Another possible method for achieving a satisfactory approximation of the global optimum might involve performing multiple rounds of parallel optimization using random x₀. The alignment with the best score could be considered as an approximation of the global optimum. The number of samplings for achieving a global optimum may be associated with the size of the network itself. However, it is difficult to describe the relationship between the sampling number and the distance from the obtained optimal point to global optimum or the relationship between the sampling number and the probability to obtain the global optimum. The issue of how to determine an appropriate sampling number remains an open question.

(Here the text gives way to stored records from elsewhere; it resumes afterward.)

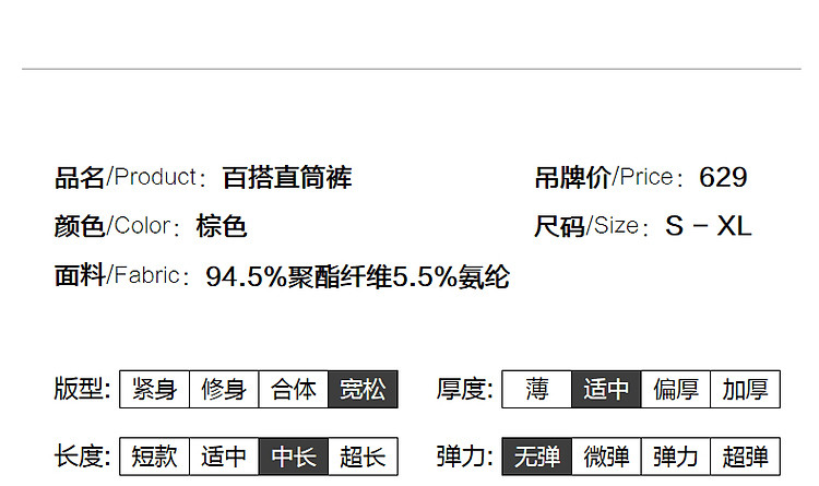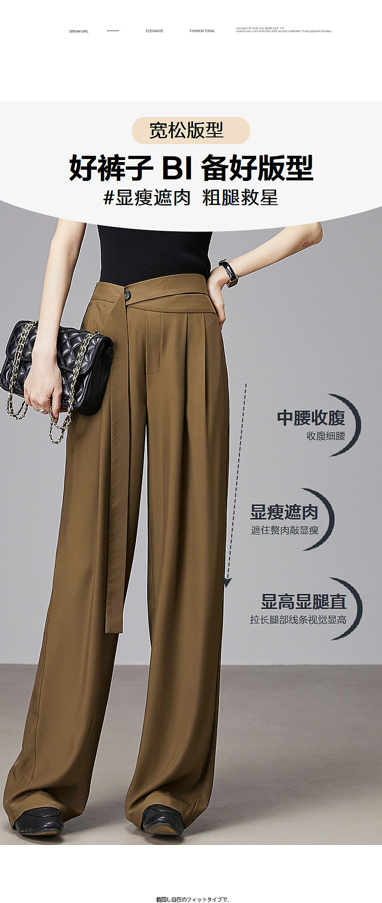 商品名称:【职场小心机】春秋日清爽丝滑垂坠弹力通勤轻熟直筒显瘦休闲裤 639681
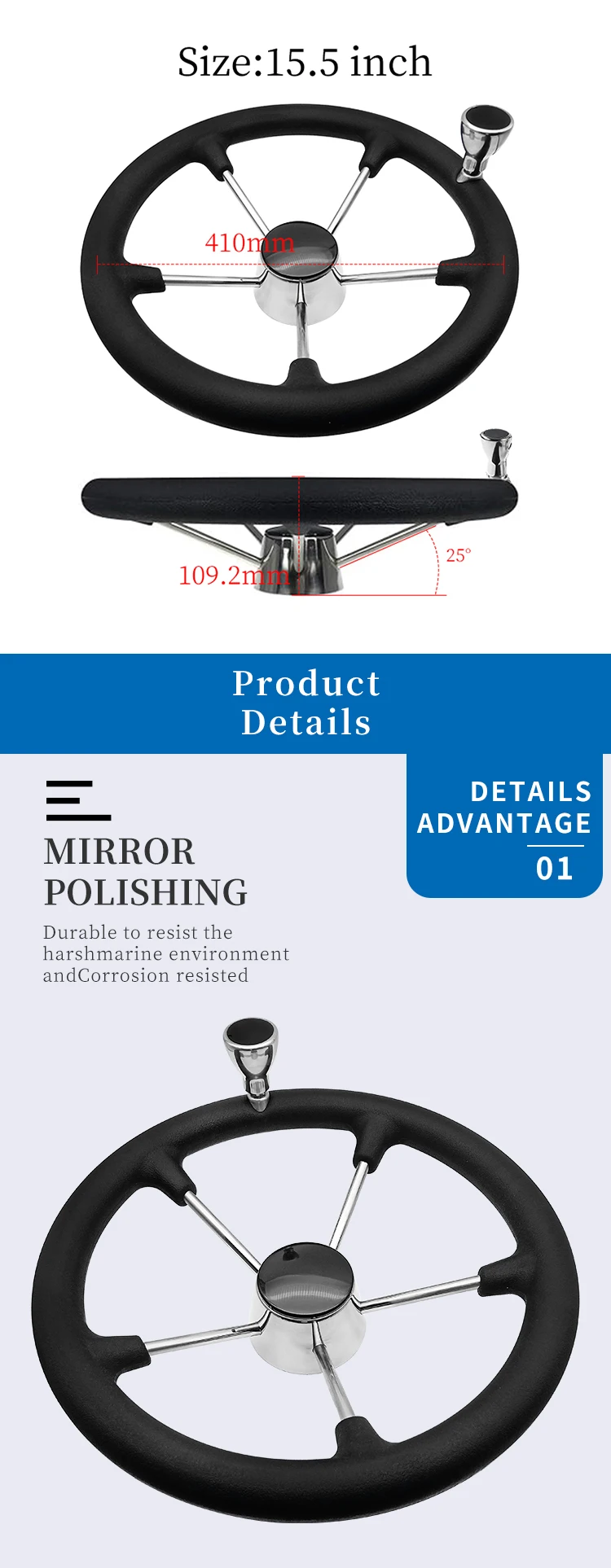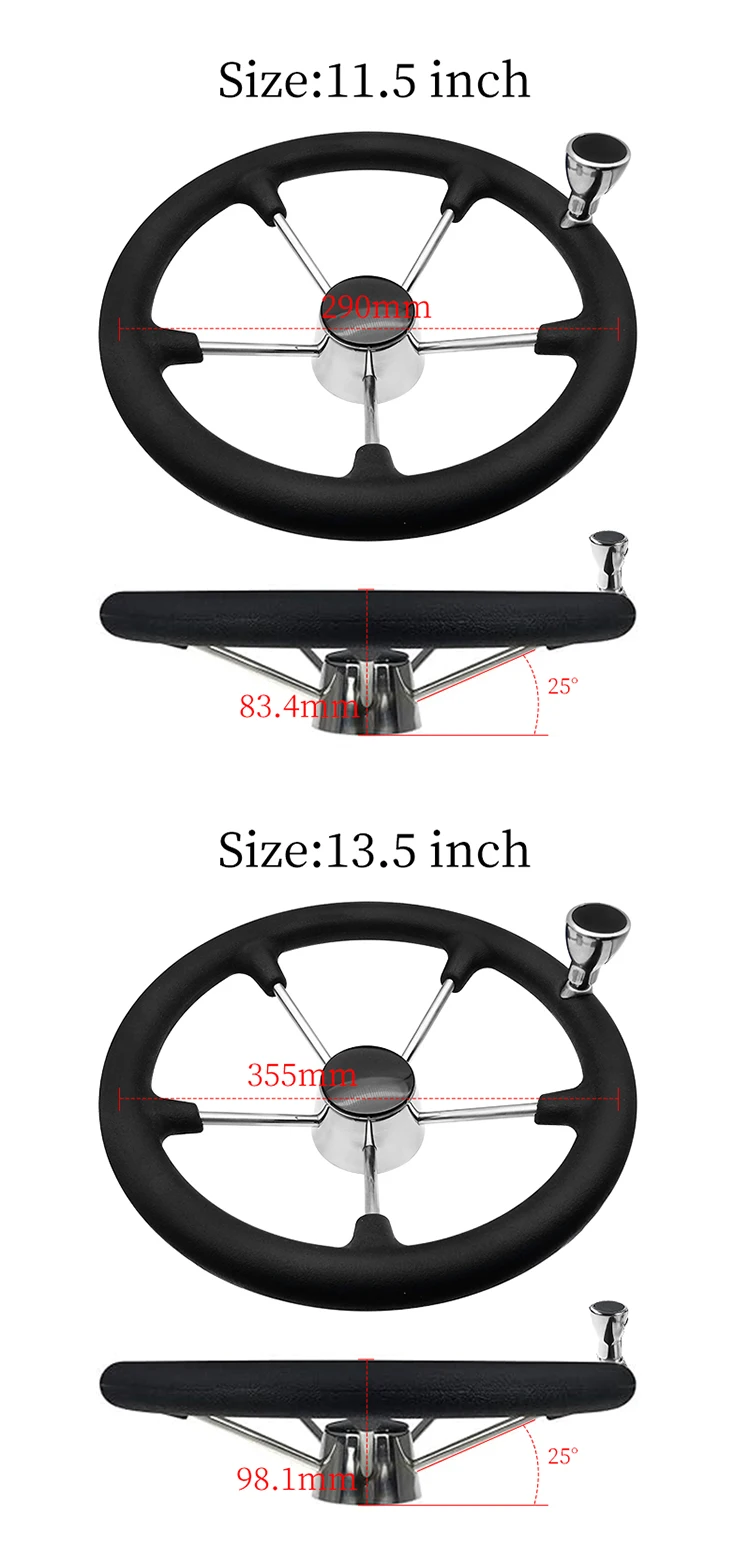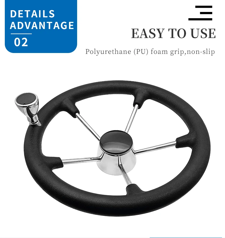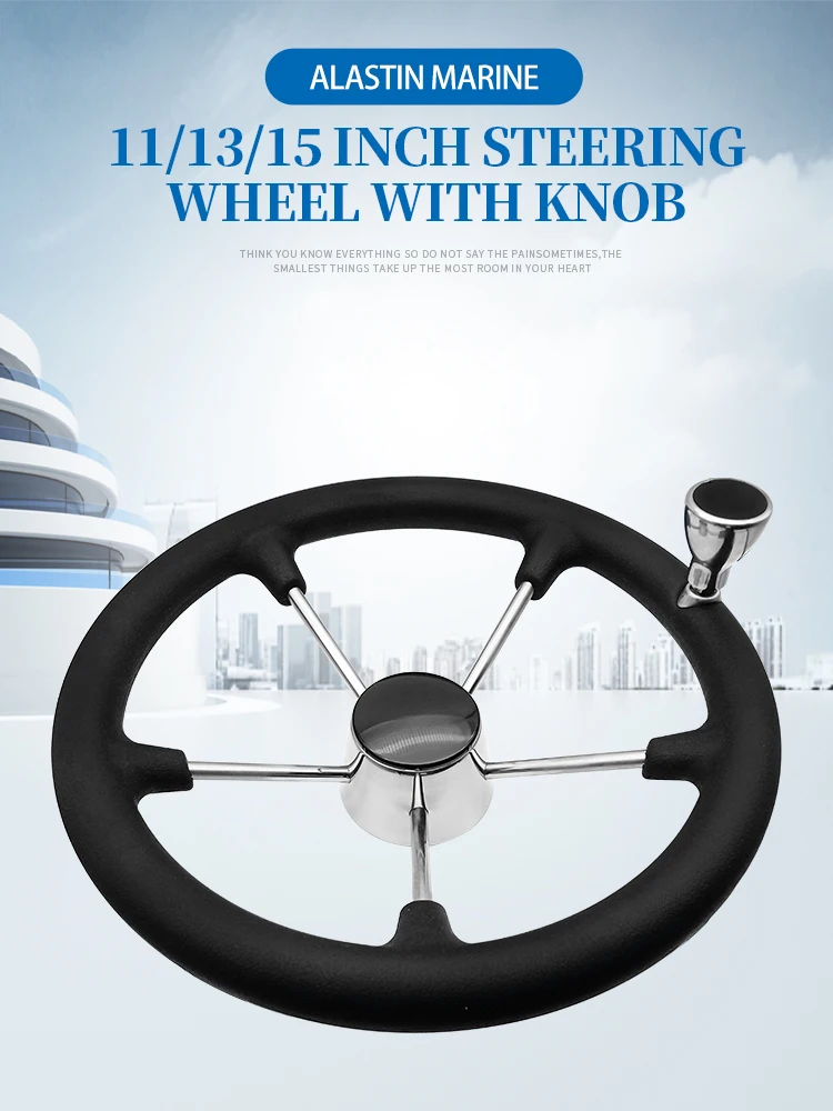 Stainless Steel 11/13/15 Inch Steering Wheel with Black Foam Grip and Knob 5 Spoke Wheel For Yacht Marine Boat Accessories
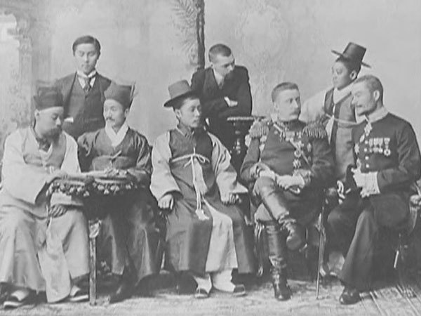 1917년 소비에트 정권이 수립되기 전까지 황제를 지냈던 러시아 로마노프 제국의 마지막 황제, 니콜라이 2세. 책에는 대관식을 축하하러 온 각국 외교 사절단의 사진도 실려 있다. 그런데 사절단의 사진 중에 뜻밖의 사진 한 장을 찾았다. 러시아 고관과 함께 있는 낯익은 모습의 이들.... 갓을 쓰고 도포 차림을 한 전형적인 조선 선비의 모습. 이들은 바로 조선왕조의 외교 사절단이었다. 사상 최초의 러시아 특사, 민영환(閔泳煥).
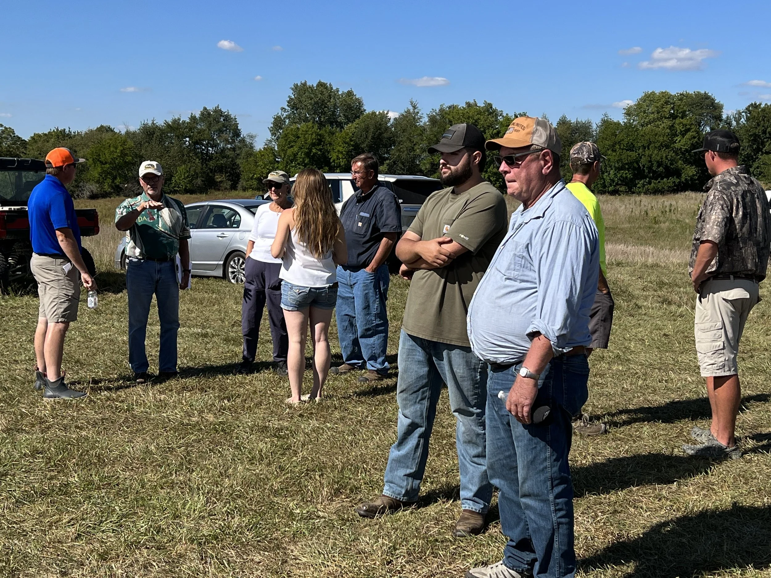 Hunters, hunting dog trainers, and landowners enjoyed a field event at Feather Prairie Farms near Dwight, IL, in mid September. In addition to touring ag tile treatment and restored wetlands, visitors heard Univerisity of Illinois researchers Dr. Mike Ward and Dr. Auriel Fournier discuss upland birds, waterfowl, and wetland management. Following dinner, Dan Irhke of Gun Dog Success discussed how to evaluate a puppy to determine if it has the right attributes to become a great hunting dog and then demonstrated how he and his staff train dogs to be hunting companions.
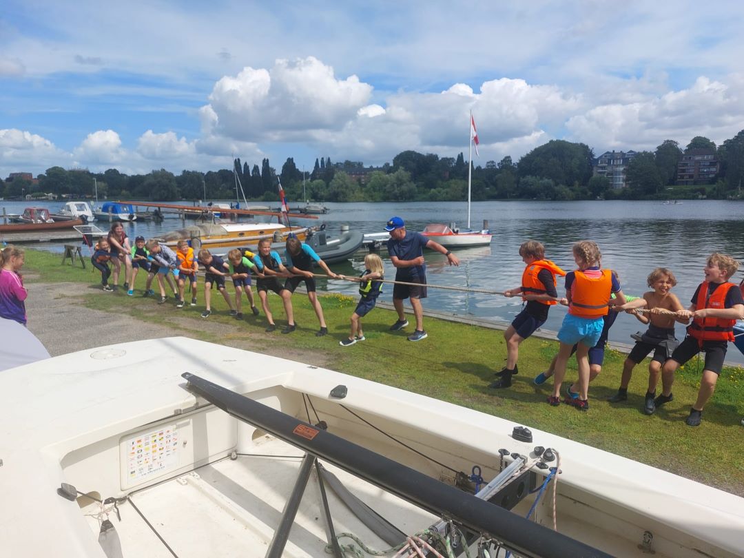 Am Dienstag war für den Nachmittag ein Gewitter angesagt. Das Alternativprogramm an Land war bereits geplant: vormittags nochmal segeln und nach dem Mittag sollten Knoten und die Begriffe der Bootsteile auf dem Programm stehen. Nach dem Mittag war jedoch klar, dass weiter gesegelt werden konnte. Das Gewitter ließ sich noch Zeit. Theorie und Knoten konnten somit auf einen späteren Zeitpunkt verschoben werden. Neben den Optis konnten auch zwei Piraten gesegelt werden, die durch Mieke, Lotta, Nike und Aaron begleitet wurden. Die vier erfahrenen Jugendsegler erklärten dem Nachwuchs hierbei, wie die Boote funktionieren.
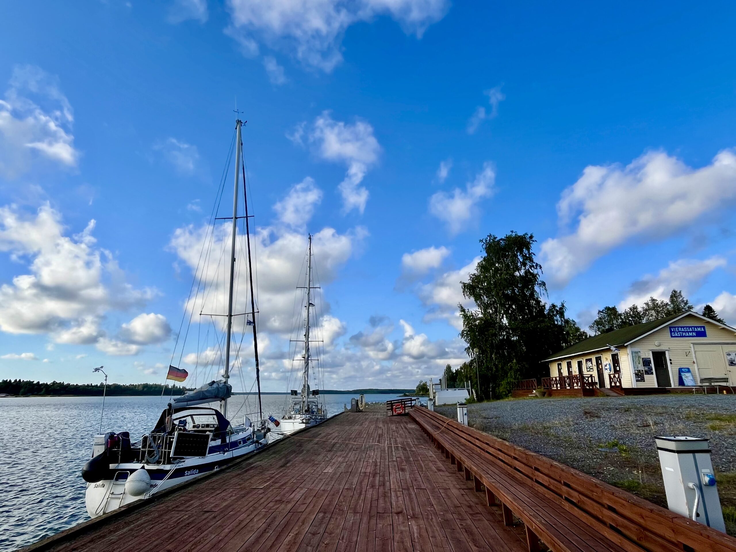 Heute sind wir weitergefahren und haben nach acht anstrengenden Stunden und 30 Seemeilen den kleinen Ort Kaskinen erreicht. Gut war, dass wir segeln konnten; schlecht, dass wieder ein Abschnitt Gegenangestampfe und Wellenschaukelei dabei war. Für Walter war’s ok, für mich grenzwertig. Ich bin halt eher der Schönwettersegler 😉. Aber das soll ich ja morgen kriegen, wenn der Wind auf Nordwest dreht. Dann soll die zurückgelegte Strecke auch etwas länger werden, bis zur Marina Merilokki Oy in Reposaari wollen wir kommen.

As an example, an alignment among the metabolic networks of hah01100 and eco01100 was performed. The alignment difference was clarified in terms of enzymes and metabolites. Numerous significant biologically relevant differences were observed in non-oxidative pentose phospahte exchange and pentose and glucuronate interconversions pathway, MEX/DOXP pathway and some cofactor pathways. This numerical alignment has an excellent fit to the experimental results, which underscores the accuracy and power of this method.

Conclusions

This study describes the background and a methodological framework for using hypergraphs to represent metabolic networks and tensors to align the networks. A hypergraph is suitable for intuitively, accurately and comprehensively describing metabolic networks. Association hypergraphs can be used to represent all possible alignments of the networks, whereas the corresponding tensor can store the similarity scores of the association hypergraph. This method provides an intuitive, accurate and comprehensive mathematical framework for the alignment of metabolic networks. A shifted symmetric higher-order power method was implemented on a spark-based computation cluster to solve the problem, significantly increasing the convergence rate up to 80-fold. A rotational tensor-vector product algorithm was introduced to accelerate the optimization by an average of 250-fold. The parameters have been simulated to determine their influence on alignment performance. In particular, the impact of the initial value on the convergence point has been tested to identify an accurate approximation of the global maximum. For the first time, this method achieved a genome-wide metabolic network alignment at both the metabolite level and the enzyme level. Similar to previous methods based upon a simple graph, a wide range of broad biological significance can be obtained using this hypergraph-based approach. In addition, it provides numerous valuable insights into bio-molecular networks. First, this method can access the driving force of chemical logic of organic reactions through the chemical evolution of metabolic network. Second, this method can incorporate the chemical information of enzymes and structural changes of compounds to offer new way defining reaction class and module, such as those in KEGG. Third, as a vertex-focused treatment, our method can supply novel structural and functional annotation for ill-defined molecules. Because this framework is compatible with numerous mathematical methods applicable to the tensor eigenvector problem, we believe it will form a set of tools with extensive applicability to metabolic network alignment and provide more in-depth insight into biological systems.

Methods

Association hypergraph representation of metabolic network alignment

A metabolic network containing m reactions and n metabolites can be accurately represented by hypergraph G(V, E) (although this study did not consider the direction of the reaction, the reaction direction can be naturally represented in a directed hypergraph). Generally, such a hypergraph G is a pair G(V, E) where V is a set of elements called vertices and E is a set of non-empty subsets of V called hyperedges. In this hypergraph, the set E = {e_j, j = 1, …, m} represents enzyme reactions in the metabolic network, whereas V = {v_i, = 1, …, n} represents metabolites in the metabolic network. The metabolic network can be represented by stoichiometric matrix S, in which a row corresponds to a metabolite and a column corresponds to a reaction. The element of S is the stoichiometric coefficient of a metabolite in a reaction with positive value standing for product and minus value standing for reactant. The stoichiometric matrix S can also be transformed into hypergraph matrix G after binarization of the stoichiometric coefficient. The order of hypergraph K is defined as the number of compounds of the reaction connected to the most compounds.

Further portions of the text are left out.